Ok, so I should know these from my windows use but I wanted clarification so I can install gentoo successfully... 

what is "broadcast address"?

and "network mask" is that just the Subnet Mask ( 255.255.255.0 thing? )

scott

----------

## kraylus

not too keen on some of the terminology myself but i believe that broadcast address is the range of IPs that you're on.

for example, if you have a gateway computer dividing the internet connection to other PCs in the house and the gateway's internal IP is 192.168.0.1 then the broadcast would be 192.168.0.XXX (a range of 2-255 i think).

dont take my word for it though. any reason why you're asking?

ryan

----------

## Guest

well I'm on a uni lan and the broadcast address thing kind of stumped me, I thought it may be something like what you said.
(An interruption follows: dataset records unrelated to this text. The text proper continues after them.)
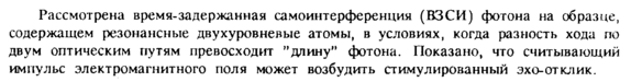 Рассмотрена время-задержанная самоинтерференция (ВЗСИ) фотона на образце, содержащем резонансные двухуровневые атомы, в условиях, когда разность хода по двум оптическим путям превосходит "длину" фотона. Показано, что считывающий импульс электромагнитного поля может возбудить стимулированный эхо-отклик.
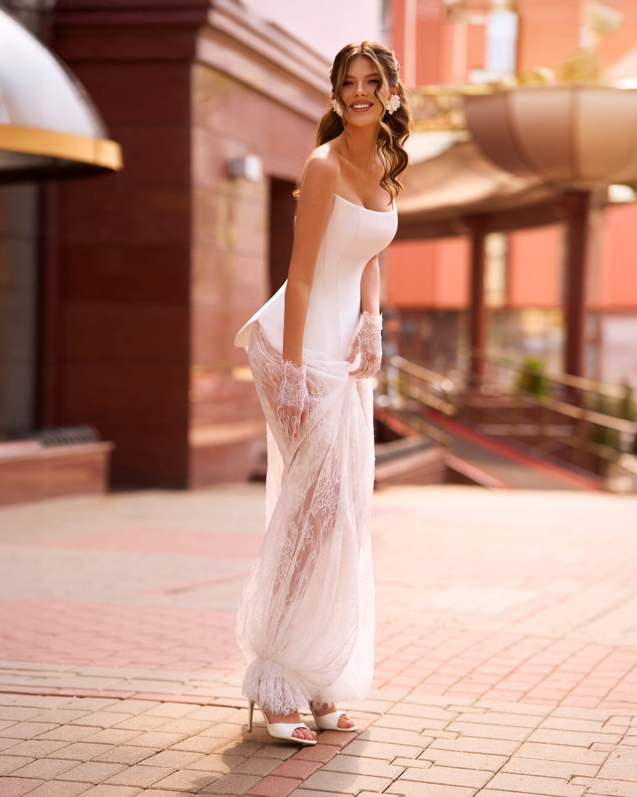Свобода и стиль в одном комплекте. Комплект Жасмин — это смелое и необычное решение для невесты, которая хочет добавить в свой свадебный день нотки свободы и яркости. Верх с тонким корсетом идеально подчеркивает фигуру, а воздушные шорты, напоминающие штаны Алладина, создают непринужденный и в то же время элегантный образ. Нежная кружевная ткань добавляет нотки романтизма и утонченности.
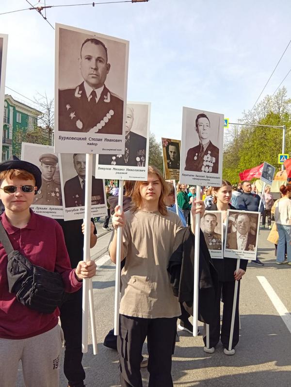 На штандартах фотографии жителей -героев ВОВ Калининского района.
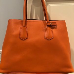 Prada unstructured tote in beautiful orange (brown inside except for orange pocket l). Handbag is very soft leather. Unstructured tote with a snap on each side to allow bag to expand. Handbag is in great condition with very little wear. Originally purchased from Prada boutique in Houston Saks 5th Avenue. Comes with box and dust cover.
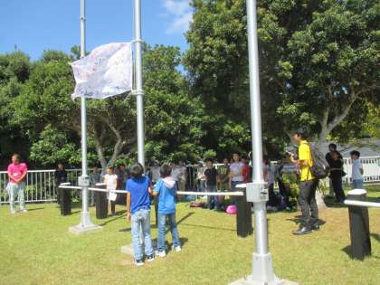 校歌のCDが、途中で、調子悪くなりましたが、それでも、しっかり歌い切りました。とてもよかったです。みんなの作った旗も上げました。所員さんのお話や注意を聞きました。木陰で聞かせていただけたので、助かりました。風はさわやかですが、日差しは厳しく、日なたは暑かったです。
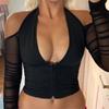 Women T-shirts Summer Fall Zipper Front Crop Tops Sexy Street Stylish Clothing Spliced Mesh Long Sleeve Deep V Neck Backless Top
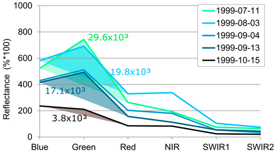 2]. Although Landsat images do not have an 800 nm band, red is on average 655 nm and NIR is at 865 nm and a comparison with the spectra of BL (

Though on the network the ip's are statically assigned I believe, so I hope it will still work.

also, maybe a few small things you can help me on...

my partition is set like this

C: Win98 (fat32)

D: Winxp (fat32)

E: Files (fat32)

F: Gentoo Boot (ext2)

G: Gentoo Swap

H: Gentoo Root (ext2)

would I be correct in assuming that my Gentoo Boot would be specified as /dev/hda4 ?? and would Grub refer to it as (hd0,3) ??

and lastly where is says about configuring the /etc/fstab..... what command do I use to edit the fstab.conf file?

thanks, and sorry for the hassles...

----------

## klieber

 *Simpleton wrote:*   

> what is "broadcast address"?

 

It's the IP address that specifies "all hosts" on your network.

 *Simpleton wrote:*   

> and "network mask" is that just the Subnet Mask ( 255.255.255.0 thing? )

 

Yes.

BTW, both of these questions are answered by doing a simple google search.

--kurt

----------

## nate

 *Anonymous wrote:*   

> 
> 
> my partition is set like this
> 
> C: Win98 (fat32)
> ...

 

Sounds about right.  Though the drive letter is only a windows thing   :Smile:   And yes Grub will see /dev/hda4 as (hd0,3).

As for the fstab.conf file. hmmm... I always use a text editor to edit it.  I don't think there is a  configurator on gentoo (though I may be wrong).

Check out http://www.gentoo.org/doc/en/build.xml#doc_chap16 to see how fstab.conf is formated.

Hope this helps,

Nathan

----------

## Houdini

disclaimer: this assumes your uni's network doesn't suck   :Razz: 

if your IP address is w.x.y.z, your broadcast address will almost always be w.x.y.255

----------

## delta407

 *Houdini wrote:*   

> disclaimer: this assumes your uni's network doesn't suck  
> 
> if your IP address is w.x.y.z, your broadcast address will almost always be w.x.y.255

 

No, this assumes you have a netmask of 255.255.255.0.

----------